Food Palawan

L. Escarda’s Coron Harvest: The best cashew nuts in Coron town

By on September 10, 2012

kasuy - front page

The pack of kasuy or cashew nuts that you usually buy as pasalubong in Coron, Palawan has a story to tell. It involves a rather long and laborious process – from harvesting the cashew fruit and then meticulously splitting each seed, from removing the seed’s kernel and then drying the nuts under the sun, and from deep frying the nuts in a hot wok and finally ending up as the delicious bite-sized delicacy in your hand.
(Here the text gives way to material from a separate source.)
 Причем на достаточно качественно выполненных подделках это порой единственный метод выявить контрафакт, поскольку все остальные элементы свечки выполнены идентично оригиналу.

For Nanay Lita Escarda, the business of cashew nuts is all these labor-intensive processes, plus so much more. These irresistable goodies have provided a steady source of income for her family through the years. She started out small back in the 1970s and since then, Coron’s famous pasalubong is already synonymous with her lastname.

kasuy - store facade

Mrs. Escarda’s store is small, unassuming and is just a mere extension of her home. If not for a simple signage, there is no indication that Coron’s famous cashew nuts are in fact processed, cooked and sold here.
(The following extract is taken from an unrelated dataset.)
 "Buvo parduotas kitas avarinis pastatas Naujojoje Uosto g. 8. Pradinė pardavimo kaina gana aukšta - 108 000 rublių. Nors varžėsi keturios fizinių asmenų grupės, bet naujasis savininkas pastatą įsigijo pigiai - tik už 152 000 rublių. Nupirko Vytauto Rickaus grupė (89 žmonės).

My friend and I dropped by Escarda’s, on our last full day at Coron many months back. Nanay Lita regrettably told us that afternoon that all her cashew nuts have already been sold out. But she advised us to come back the next day. We then reserved a few kilos (Php 700.00 a kilo) and had it re-packed by 100 grams as well.

kasuy - nanay lita

Nanay Lita also gave us a crash course on investing that afternoon. She told us to consider investing in real estate since the value of land will never depreciate.
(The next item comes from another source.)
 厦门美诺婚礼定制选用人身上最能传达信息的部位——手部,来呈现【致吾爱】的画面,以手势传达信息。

The cashew nuts may seem expensive but we would later find out this price tag is quite reasonable. Since we arrived early the following morning, Nanay Lita was kind enough to allow us to take a peek at her cashew factory which is just located at the back of her house. I expected a modern production line but instead saw a few tables, some baskets, and a large wok. The only important tool there is a custom-designed cashew cutter. They have to do everything else by hand.

Although each process is repetitive in nature, there is a degree of difficulty and lots of skills involved in every step. For example, extracting the cashew nut from its kernel may look easy. But this, I observed, leaves a sticky stain on the fingers. You must also be very adept with this step so as to maintain the desirable half-moon shape for each nut.

kasuy - processes

Indeed, our wait paid off that morning in more ways than one. We got fresh deep-fried cashew nuts that were also the best I’ve tasted so far. It was surprisingly not greasy after swimming in hot fat earlier. The seasonings also did not overpower the original flavor of the cashew.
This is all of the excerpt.